A tout instant, à chaque exercice, il faut renouveler cette direction d'intention. Sans doute, c'est assujettissant, mais bientôt l'habitude se contracte et fait faire facilement les choses, et avec plus de mérite. L'acte fait par suite de la bonne habitude est plus méritoire que l'acte spontané, réfléchi. Il participe à la nature du vœu, qui ajoute une grâce spéciale à chaque acte accompli en suite de ce vœu. La pratique de la pauvreté sans vœu est moins méritoire que le même acte accompli par suite d’un vœu. L'habitude elle aussi ne diminue pas le mérite de l'acte, au contraire elle l'augmente. L'habitude a quelque analogie avec la grâce habituelle, qui nous rend plus agréables à Dieu, nous et tout ce que nous faisons, que si nous faisions une suite d'actes réfléchis, de la même valeur intrinsèque, mais sans cette grâce.
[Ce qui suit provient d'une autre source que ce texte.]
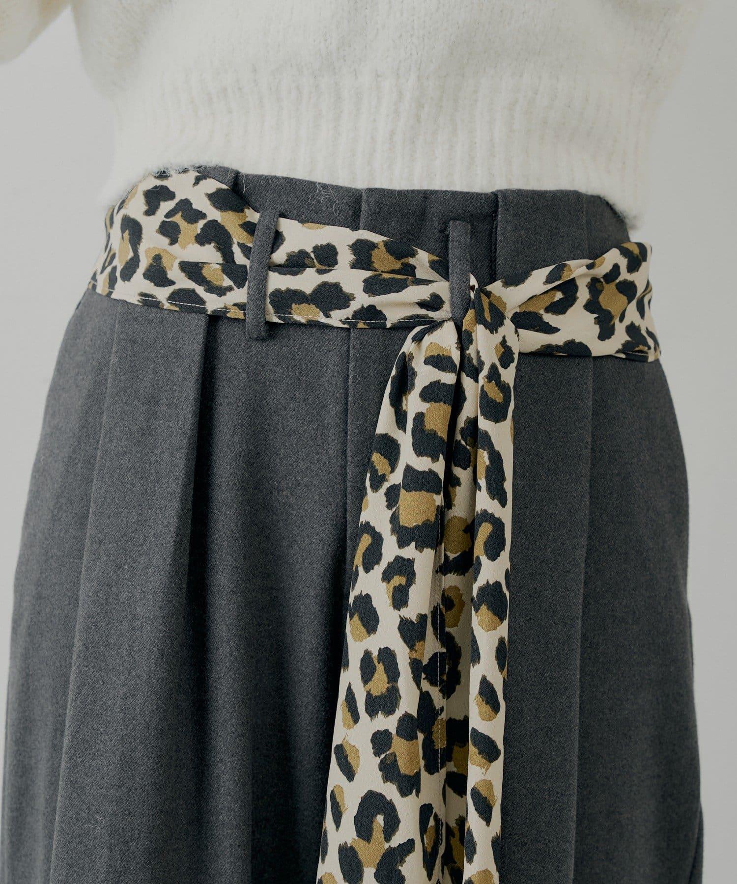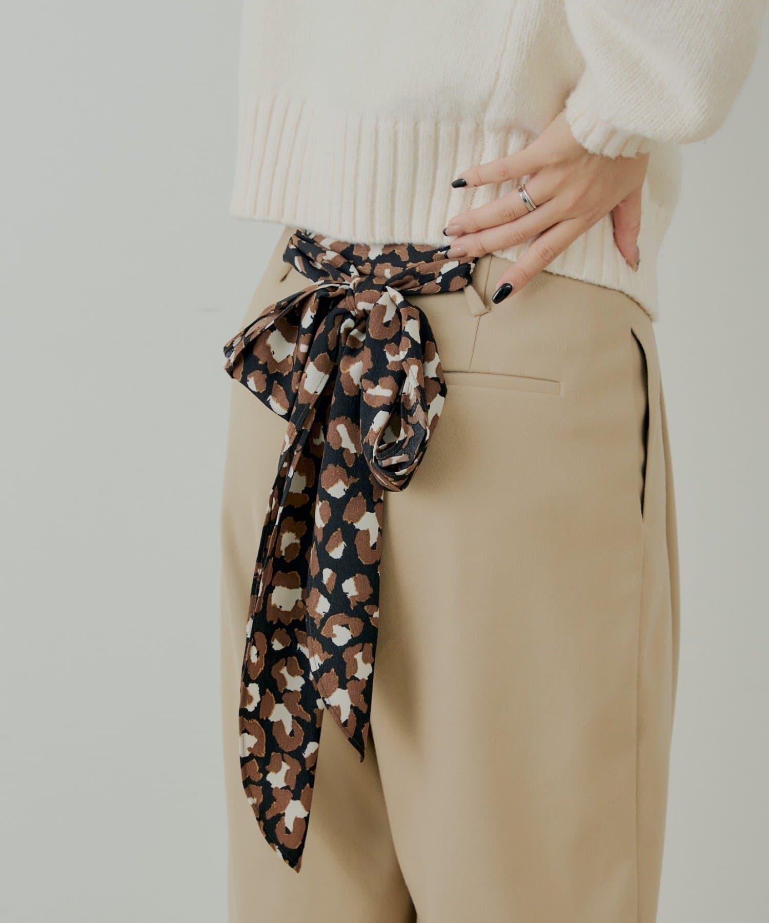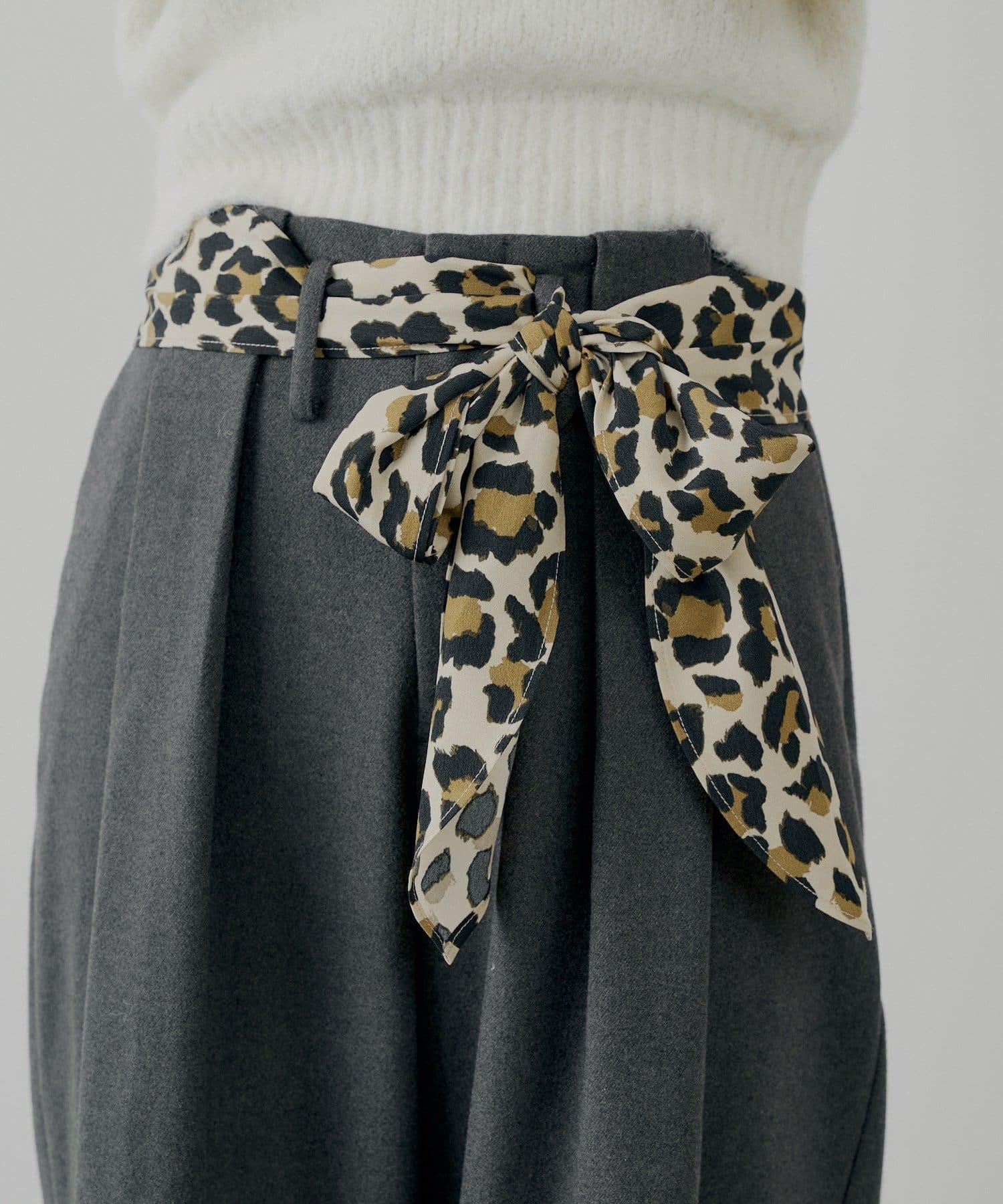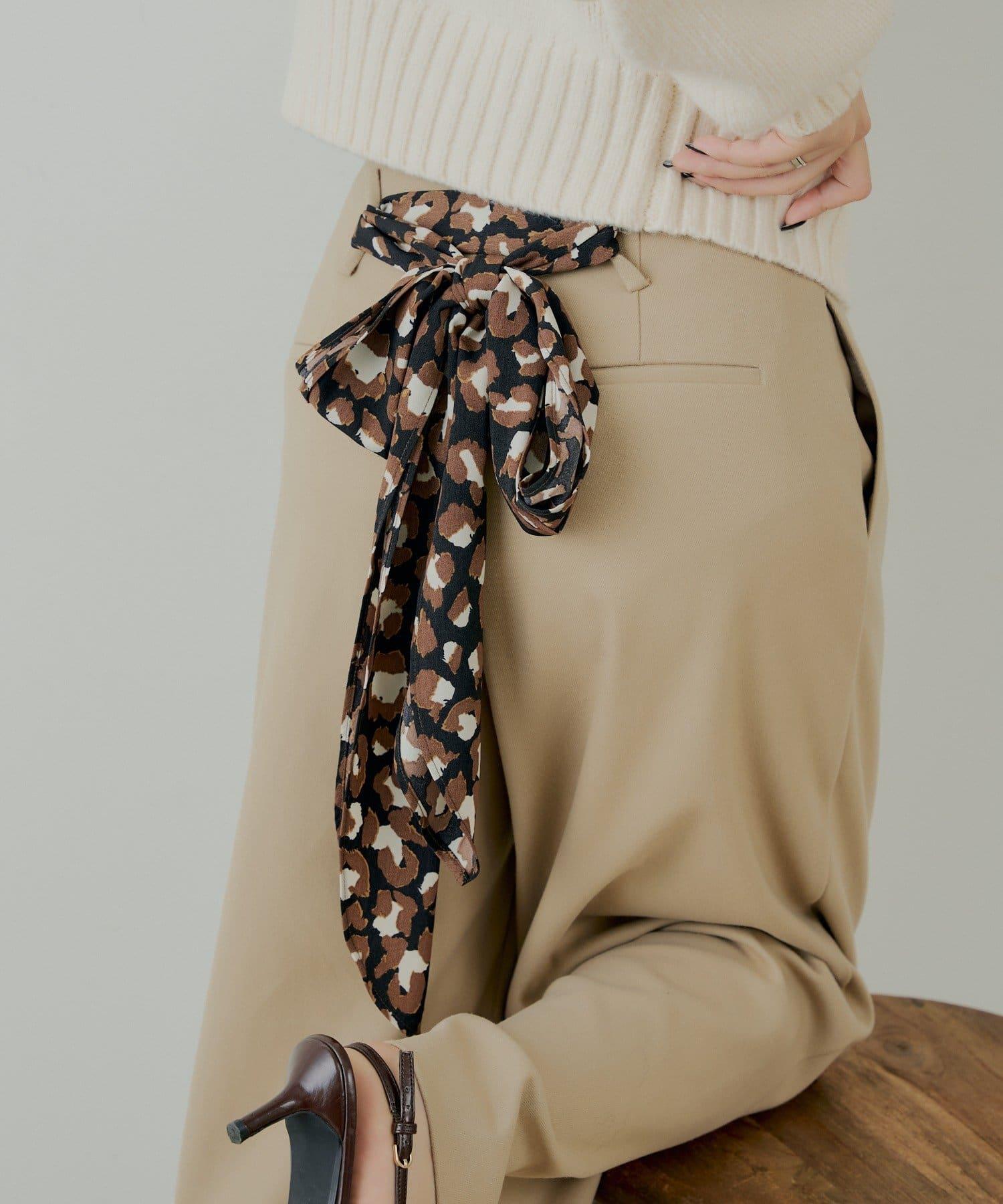 雙襉羊毛休閒褲,配圍巾腰帶。

Voyez comme tout se lie, s’enchaîne dans cette doctrine. Je recommande la direction d'intention pendant le temps des vacances. Dans le train ordinaire, on contracte facilement l'habitude de la faire. Quand on est distrait par une chose ou par une autre, ce qui arrive volontiers pendant les vacances, on l'oublie souvent. Il sera bien de faire souvent l'exercice de la préparation du matin sur ce point particulier de la direction d’intention.

La direction d'intention a été pratiquée par tous les saints. Saint Vincent de Paul, saint Alphonse de Liguori se sont sanctifiés par elle. Elle faisait le fonds de leur vie, elle les mettait en communication habituelle avec Dieu, ils y attachaient une très grande importance, que nous devons y attacher nous-mêmes. Et nous y sommes d’autant plus obligés que Rome vient de se prononcer, en nous donnant l'approbation.